Legislation to remove a legal obstacle to opening the popular yet illegal Manitou Incline is winding its way through Congress.

U.S. Rep. Doug Lamborn, R-Colorado Springs, introduced House Resolution 4073, which would allow the Cog Railway to abandon the right-of-way on the former tourist train route, which attracts hundreds of thousands of hikers a year.

Photo gallery from a recent snowy day on the Incline.

Lamborn and U.S. Forest Service Deputy Chief Leslie Weldon spoke in favor of the bill at a hearing Tuesday before the House Subcommittee on National Parks, Forests and Public Lands.

“Legalizing access to the trail will allow the surrounding communities access to repair sections of the trail that are in poor condition and will make use safer for all hikers,” Lamborn said.

Weldon said the railroad operators, who shut the tourist train up the side of Mount Manitou in 1990, previously tried to abandon its right-of-way, but federal law requires a court decision or act of Congress.

Click here for a special report on the history of the Incline and how we got here.

“H.R. 4073 would remove this impediment, allowing the right-of-way to return to the national forest system. The Forest Service would then issue an authorization to an outside party for management as a hiking trail,” Weldon said. The “outside party” is the cities of Manitou Springs and Colorado Springs, which in February approved an inter-governmental agreement for managing the trail.

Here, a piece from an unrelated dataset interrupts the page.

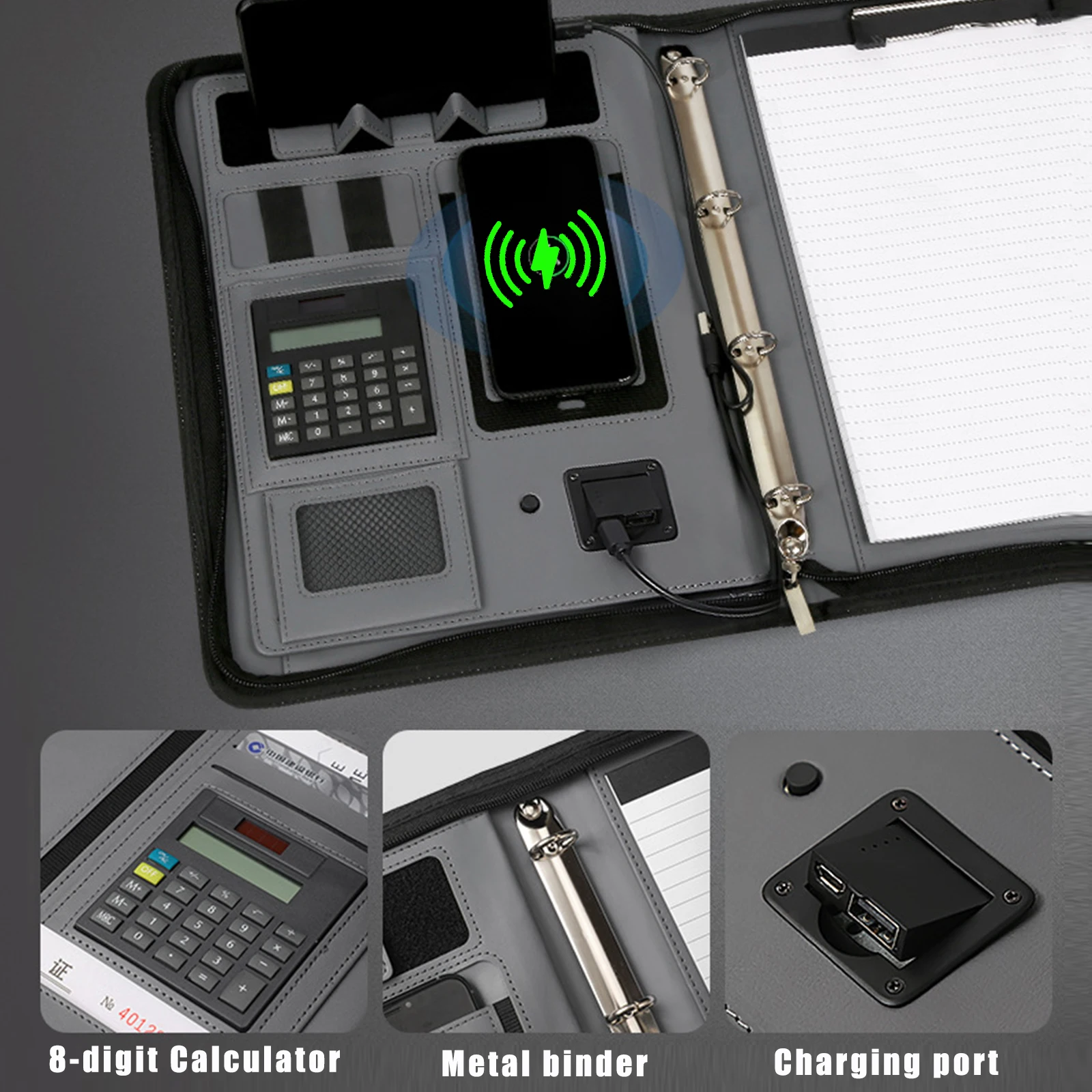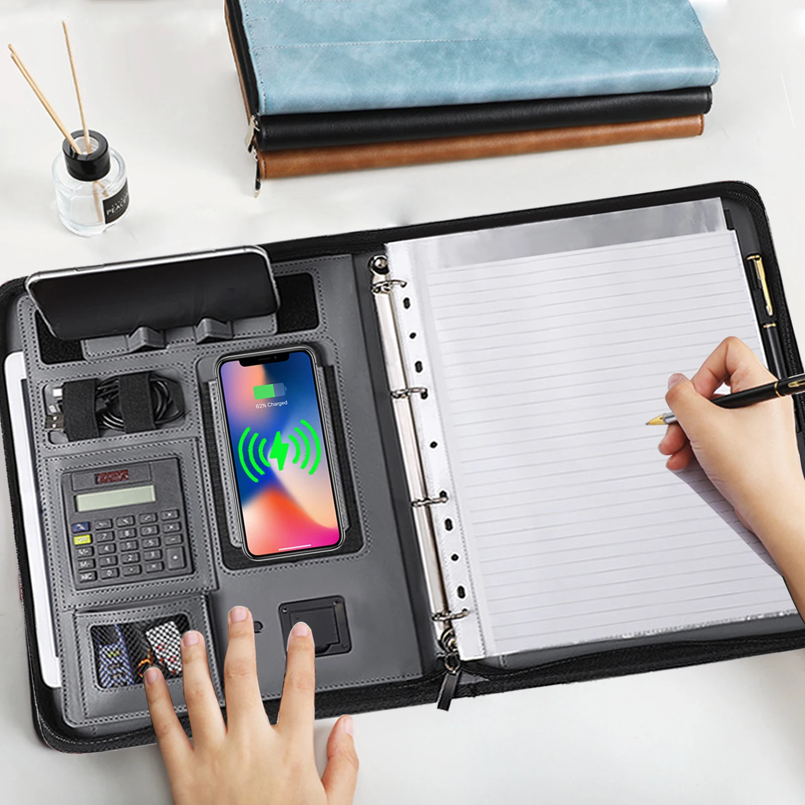 Падфолио папка, А4 многофункциональный беспроводной/проводной зарядки Портфолио органайзер, с ноутбуком, калькулятор, банк питания для телефона, для офиса бизнеса

No one testified against the bill.

Lamborn’s office expects the bill to come up for a vote by the House Natural Resources Committee and the full House this spring.

No date has been set for the Incline’s legal opening. The other main hurdle is to have the trail repaired enough that officials in the two cities are ready to open it.

The Incline Friends, a group that formed to oversee cleanup of the trail, will hold a work day May 12.